Build Things Together

Bill Mills

Consuming Open Data

New Parser for the World Ocean Database

July 27, 2015 | 3 Minute Read

Last week had some great announcements in open data: progress was reported in the OpenfMRI project, seeking in part to establish a standard data format for functional MRI brain scans, and K. Ramirez et al’s paper was accepted for publication that describes a path to standardizing and distributing soil biodiversity data. Both these projects emphasize the distribution infrastructure for their data, but both also advance the conversation around standardizing data formats in their fields - one of the key elements of creating truly open data that I discussed here earlier this month.

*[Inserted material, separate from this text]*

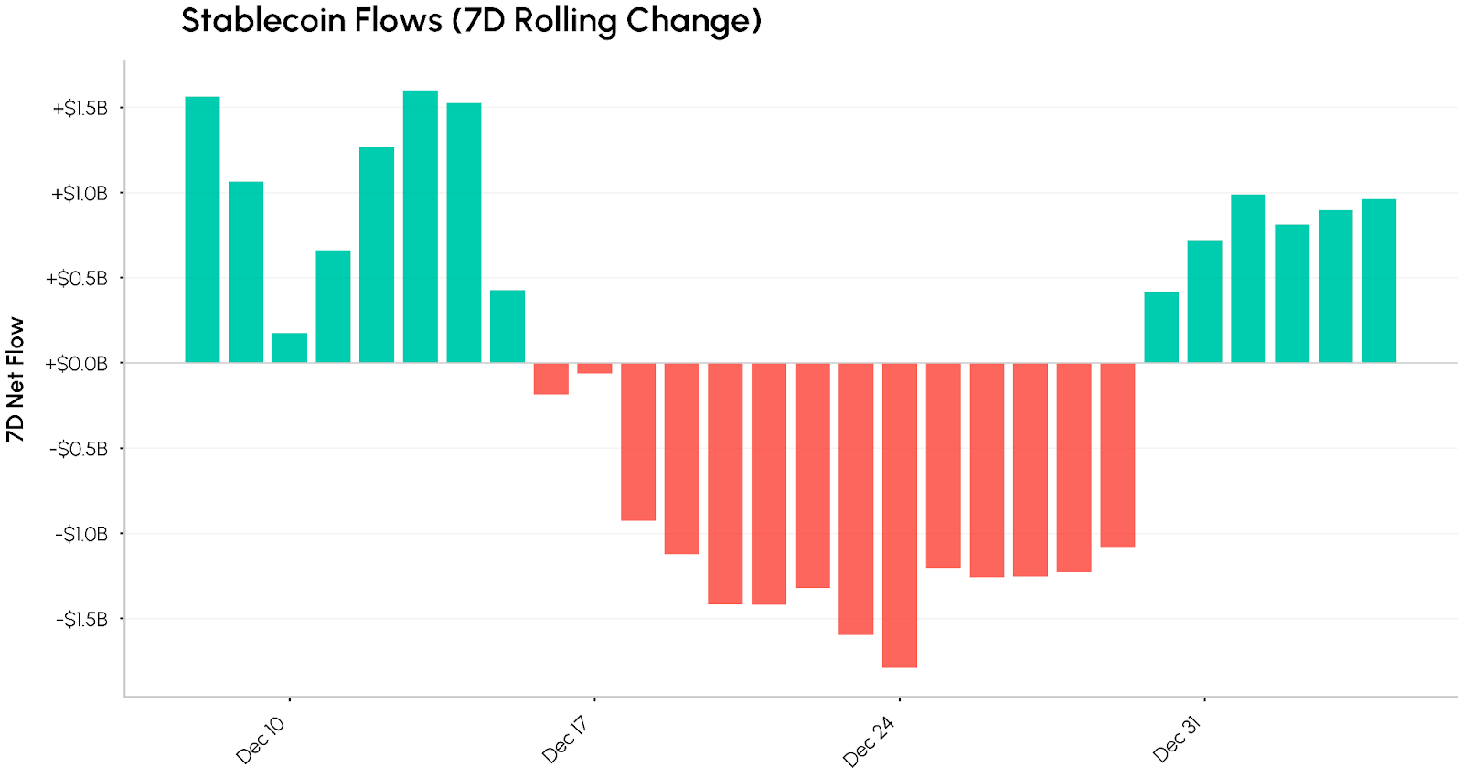 Stablecoin flows offer a proxy for capital entering or exiting the crypto ecosystem. After steady inflows through early December, flows turned negative into year-end, with weekly net outflows exceeding $1B. Heading into January, flows have begun to stabilize and turn positive, a constructive sign for sustained momentum if the trend holds.
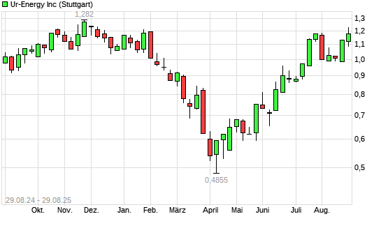 Mit dem Anstieg auf 1,22 EUR hat die Ur-Energy-Aktie (ISIN CA91688R1082) am 28.08.2025 ein neues 6-Monats-Hoch erreicht und damit den Kurs vom 27.08.2025 eingestellt.

Standardized data formats are worth the trouble because they are easy to read; my other recommendation in my last post was to distribute parsers for these formats, in order to take advantage of this ease of consumption. My colleagues working on the International Quality Controlled Ocean Database and I have done just that for the World Ocean Database format in our new Python package on PyPI, wodpy.

wodpy

Here’s some World Ocean Database data:

C41303567064US5112031934 8 744210374426193562-17227140 6110101201013011182205814
01118220291601118220291901024721 8STOCS85A3 41032151032165-500632175-50023218273
18117709500110134401427143303931722076210220602291107291110329977020133023846181
24421800132207614110217330103192220521322011216442103723077095001101818115508527
20012110000133312500021011060022022068002272214830228442684000230770421200000191
15507911800121100001333125000151105002103302270022022068002274411816302284426840
00230770426500000191155069459001211000013331250001511050021033011300220220680022
73319043022844268400023077042620000019116601596680012110000133312500021022016002
17110100220220680022733112830228442684000230770435700000181155088803001211000013
33125000210220160022022068002273311283022844268400023077042120000019115508880300
12110000133312500015110200210330535002202206800227441428030228442684000230770421
20000019115508880300121100001333125000152204300210220320022022068002273312563022
84426840002307704212000001911550853710012110000133312500015110200210220160022022
06800227331128302284426840002307704212000001100003328960044230900033267500222650
03312050033281000220100033289500442309000332670002227100331123003328100022025002
22900044231910033286200222900033115400332810002205000342-12300442324100332728003
32117003312560033280500 

Like I said, easy to read, right? If this is a bit opaque, there’s a 170 page pdf that explains how to unpack this. This is the sort of slog that can really ruin the open data party; to avoid all this pain, grab our new parser off of PyPI:

sudo pip install wodpy

throw that block of data into a file data.dat, and give this Python script a try:

from wodpy import wod

file = open("data.dat")
profile = wod.WodProfile(file)

print profile.latitude()

et voila: the latitude this measurement was taken at is returned. This data and toy demo are in this repo; the README in the main wodpy repo describes all the methods the WodProfile object provides for extracting usable information from the terse format it came in. Big thanks to Simon Good out of the UK Met Office for hammering out the first version of this class in our AutoQC project.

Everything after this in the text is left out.